Строго говоря, вопрос о существовании Бога не является человеческим вопросом. Сам факт того, что на протяжении тысяч лет во всем мире вопрос о существовании Бога остается нерешенным, говорит о том, что, по всей вероятности, смертные никогда его не решат. Уверенность в будущем столь же невозможна. Конечно, мы не знаем, какой свет прольет наука на эти проблемы завтра, но, выражаясь скромно и без догматизма, каждая честная душа должна признать вместе с Шекспиром, что будущее — это все еще «неоткрытая страна».

Суть не в том, чтобы мы верили в Бога или в загробную жизнь, а в том, чтобы мы развивались. Всякий раз, когда за десять лет моего полного разрыва со сверхъестественным меня просили сказать несколько слов в доме скорби или у открытой могилы, я никогда не пытался найти утешение для скорбящих в вере в нездешнего Бога или в жизнь после смерти.

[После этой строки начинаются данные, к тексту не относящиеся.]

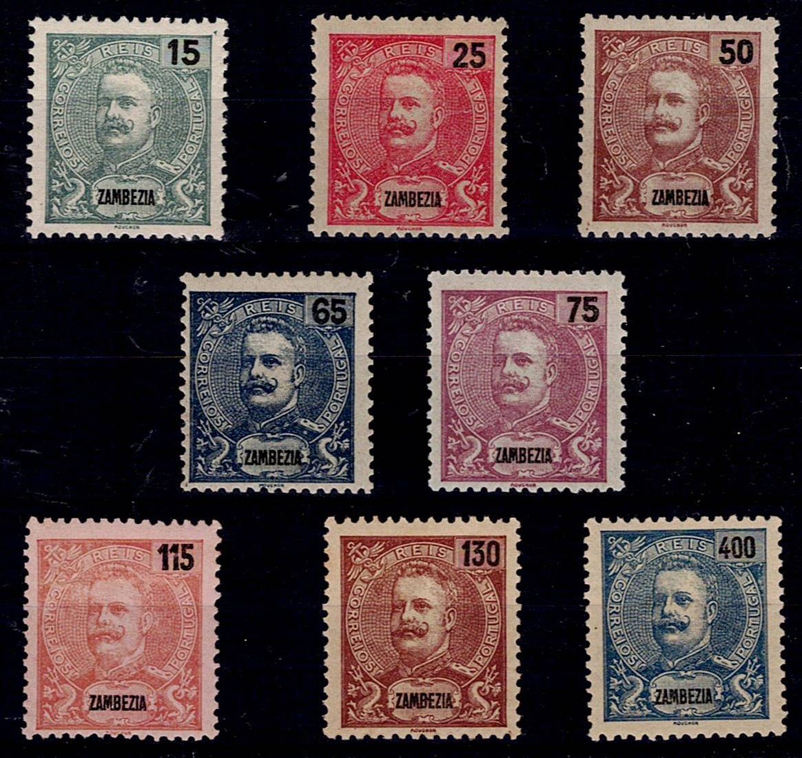 Zambézia 1903 D. Carlos I, Mouchon type, new colors and values. Complete series Mf#46-53 of new stamps,

Священник знает, или говорит, что знает, куда отправился усопший, какую жизнь он там ведет, какова будет его участь в вечности и встретимся ли мы снова. Он говорит об этих вещах с уверенностью школьника, декламирующего выученную наизусть страницу. Но он лишь притворяется, что обладает информацией, которой, по правде говоря, никто не обладает. Он знает о личном Боге или о другой жизни не больше, чем кто-либо другой. Если мы не можем предсказать, что произойдет в следующий час, как мы можем с уверенностью говорить о тайнах бесконечного будущего? Если мы не до конца понимаем самих себя или мир, который видим ежедневно, как мы можем хвастаться каким-либо достоверным знанием о Существе, которое, как говорят, бесконечно, абсолютно и непостижимо отличается от нас? Молчание более религиозно, чем сплетни, которые слышишь о таком Существе. Скромность более благоговейна, чем догматизм, а агностик честнее и красноречивее болтливого проповедника. Если люди хотят знать, где находится Вечный, кто он, что он делает, каковы его намерения, как его следует восхвалять, что его забавляет или провоцирует, сколько проявлений или лиц в его божестве, когда он начал свою деятельность и т. д., им не следует обращаться за такой информацией к рационалисту. Познакомить человека с самим собой, показать ему путь к развитию и использованию собственных ресурсов, а во время скорби и утраты полагаться на мысли мудрых и храбрых, которые исцеляют, утешают и благословляют, — вот то утешение, которое предлагает рационализм. Оно скромно, но оно реально. Рационалисты не могут рассчитывать на догматы в поисках утешения. Кукла может позабавить ребенка, но разве взрослый человек несчастен оттого, что не может играть с игрушкой? Рационалист готов видеть Природу в ее истинном свете. Он предпочитает реальность иллюзиям и предпочел бы бодрствовать, чем видеть во сне самые соблазнительные грезы, которыми «мак, мандрагора или все сонные сиропы мира» могут усыпить разум.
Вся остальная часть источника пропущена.